Figure \(10.13\): Schematic to illustrate the division of labor between maintenance-specialized stripes and corresponding output-specialized stripes. A - Maintenance stripe (left) in maintenance mode, with corticothalamocortical reverberant activity shown (red). Information from that stripe projects via layer Vb pyramidals to a thalamic relay cell for the corresponding output stripe, but the BG gate is closed from tonic SNr/GPi inhibition so nothing happens (gray). B - Output gate opens due to `Go'-signal generated disinhibition of SNr/GPi output (green), triggering burst firing in the thalamic relay cell, which in turn activates the corresponding cortical stripe representation for the appropriate output. Projection from output stripe's layer Vb pyramidal cells then activates cortical and subcortical action/output areas, completing a handoff from maintenance to output. MD = mediodorsal nucleus of the thalamus; VP/VL = ventroposterior or ventrolateral (motor) thalamic nuclei.

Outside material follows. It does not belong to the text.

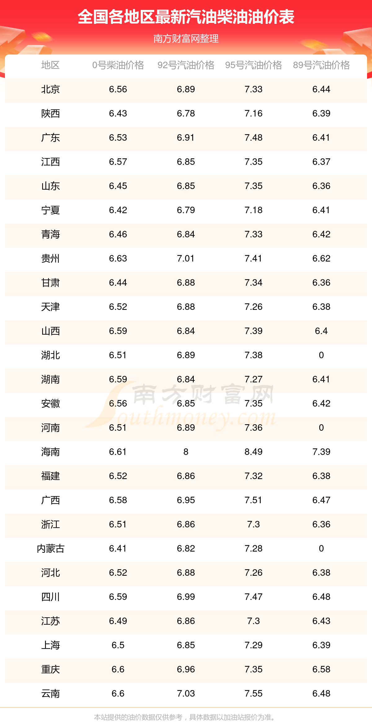 本次油價調(diào)整的時間為11月25日 ,調(diào)整后全國油價詳情如下:

As we saw in Figure 10.3, some PFC neurons exhibit delay-period (active maintenance) firing, while others exhibit output response firing. These populations do not appear to mix: a given neuron does not typically exhibit a combination of both types of firing. This is captured in the PBWM framework by having a separate set of PFC stripes that are output gated instead of maintenance gated, which means that maintained information can be subject to further gating to determine whether or not it should influence downstream processing (e.g., attention or motor response selection). We typically use a simple pairing of maintenance and output gating stripes, with direct one-to-one projections from maintenance to output PFC units, but there can be any form of relationship between these stripes. The output PFC units are only activated, however, when their corresponding stripe-level BG/GPiThal Go pathway fires. Thus, information can be maintained in an active but somewhat "offline" form, before being actively output to drive behavior. Figure 10.13 illustrates this division of labor between the maintenance side and the output side for gating and how a "handoff" can occur.
For more PBWM details, including further considerations for output gating, how maintained information is cleared when no longer needed (after output gating), and gating biases that can help improve learning, see PBWM details Subtopic, which also includes relevant equations and default parameters.